Spatially isotropic homogeneous spacetimes

TL;DR

This paper classifies all simply-connected homogeneous spacetimes with spatial isotropy across all dimensions, revealing new geometries and analyzing their symmetries, invariant structures, and limits between different spacetime types.

Contribution

It provides a comprehensive classification of homogeneous spacetimes with spatial isotropy, including new geometries and their symmetry properties across all dimensions.

Findings

Identified new classes of geometries in low dimensions.

Mapped the limits and contractions between different spacetimes.

Analyzed geometric properties like invariance, torsion, and curvature.

Abstract

We classify simply-connected homogeneous ($D+1$)-dimensional spacetimes for kinematical and aristotelian Lie groups with $D$-dimensional space isotropy for all $D\geq 0$. Besides well-known spacetimes like Minkowski and (anti) de Sitter we find several new classes of geometries, some of which exist only for $D=1,2$. These geometries share the same amount of symmetry (spatial rotations, boosts and spatio-temporal translations) as the maximally symmetric spacetimes, but unlike them they do not necessarily admit an invariant metric.

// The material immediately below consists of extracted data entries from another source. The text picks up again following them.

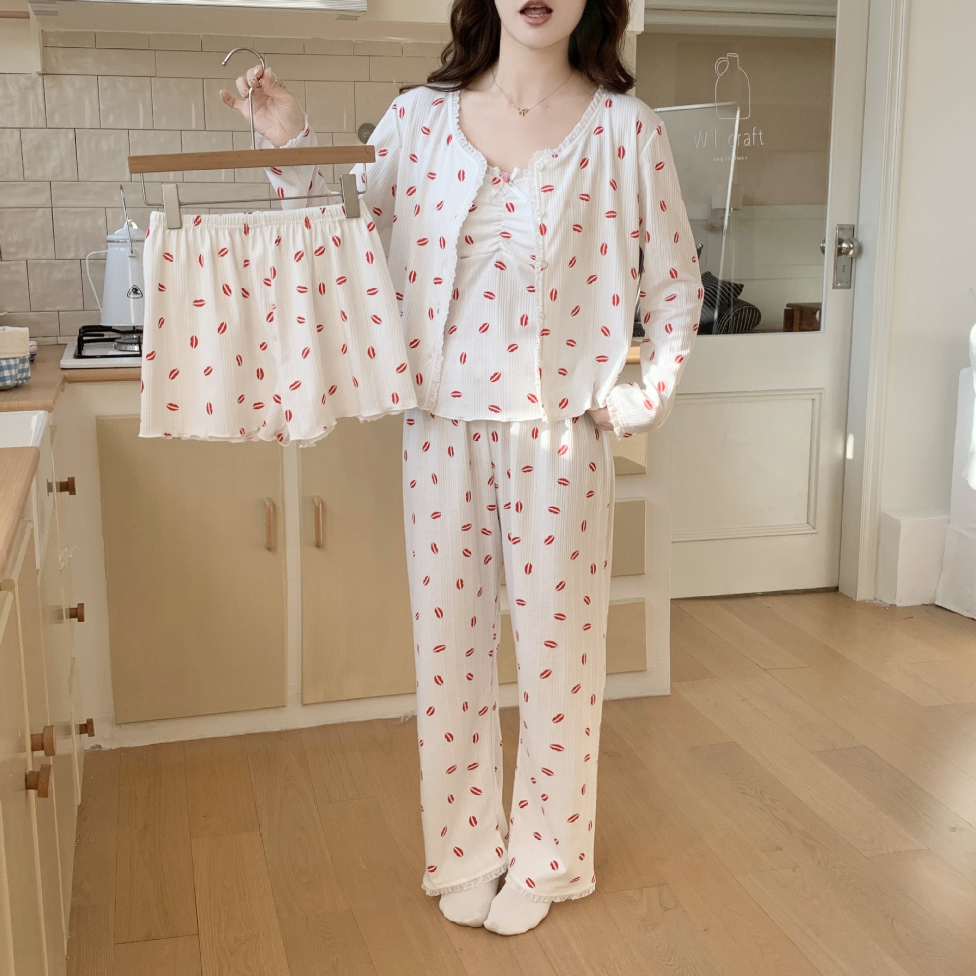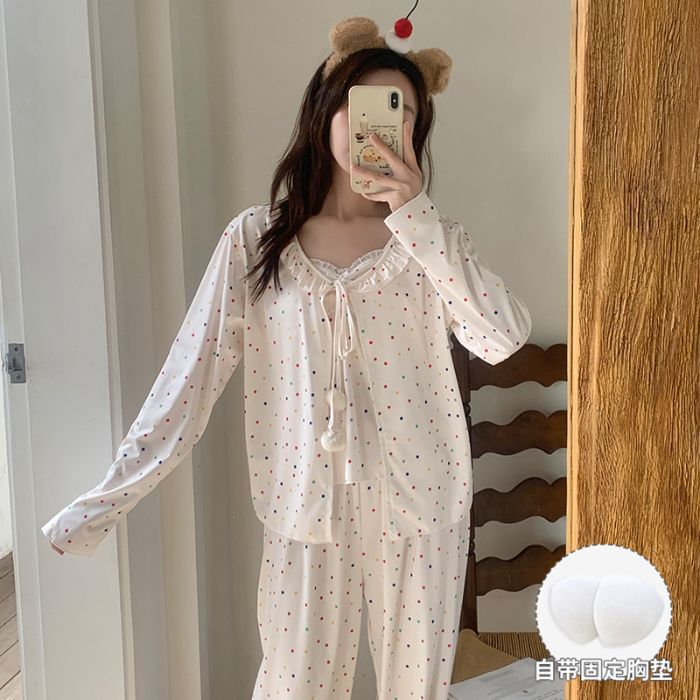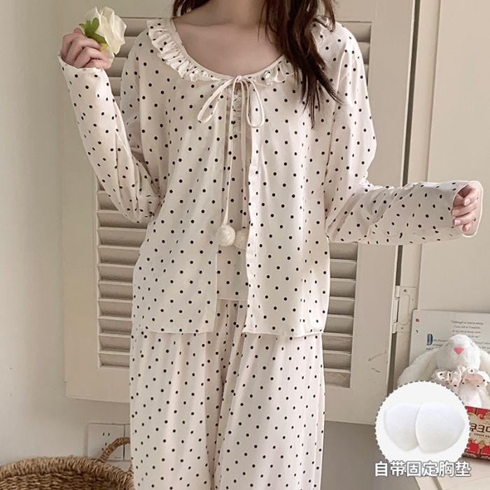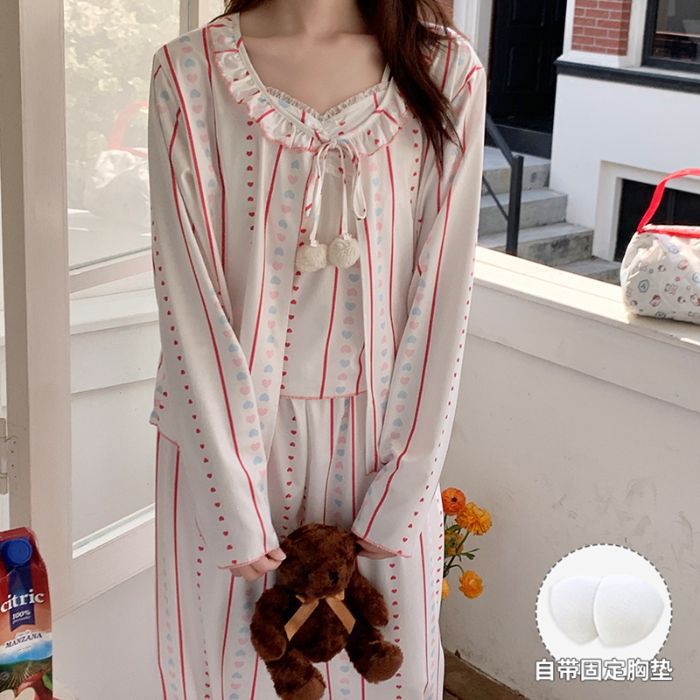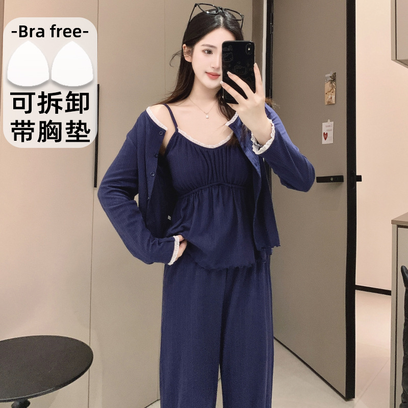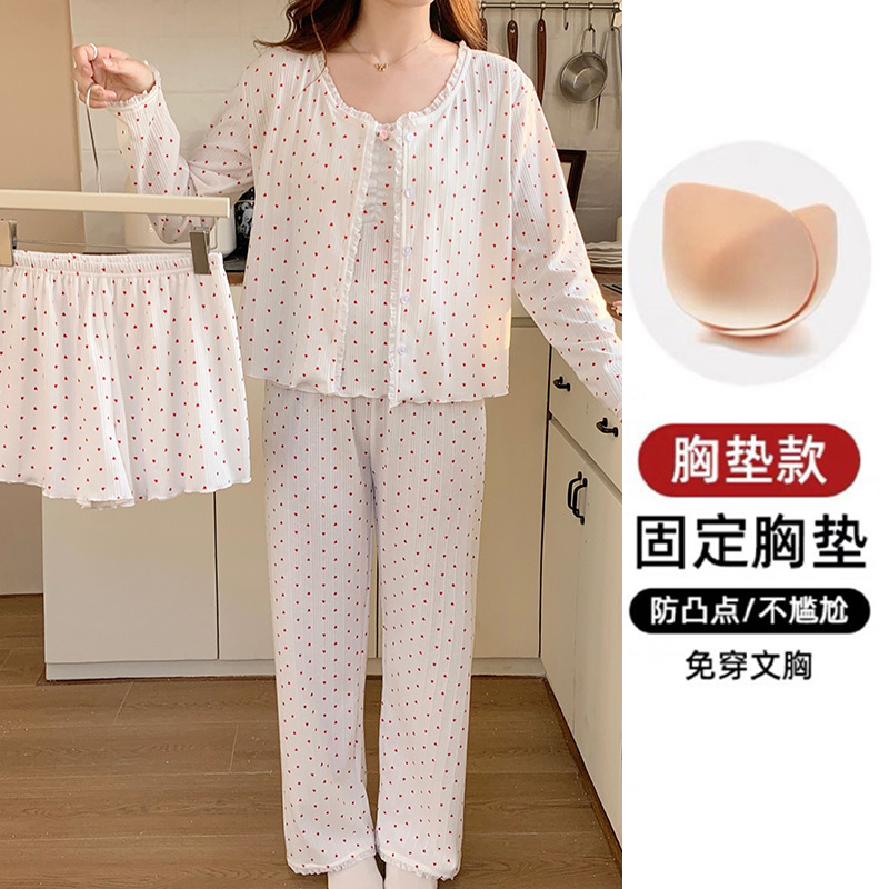 봄 새로운 일본식 순수한 욕망 스타일 잠옷 여성용 한국식 긴팔 3 종 세트 카디건 가슴 패드 섹시 달콤한 가정복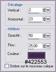 Effets/Effets 3D/Ombre Portée : 1/1/50/1/noir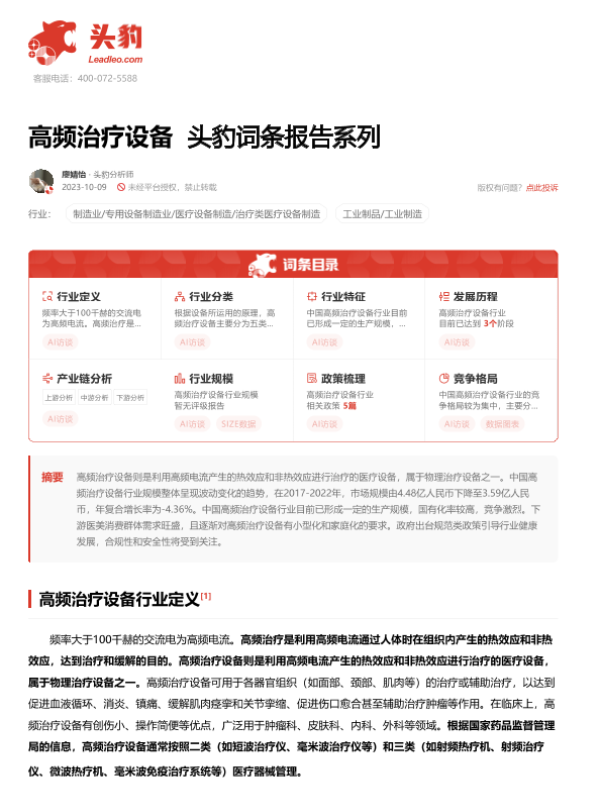 【头豹研究院】【20231009】高频治疗设备 头豹词条报告系列-17页 行业研究

We determine the possible limits between the spacetimes and interpret them in terms of contractions of the corresponding transitive Lie algebras. We investigate geometrical properties of the spacetimes such as whether they are reductive or symmetric as well as the existence of invariant structures (riemannian, lorentzian, galilean, carrollian, aristotelian) and, when appropriate, discuss the torsion and curvature of the canonical invariant connection as a means of characterising the different spacetimes.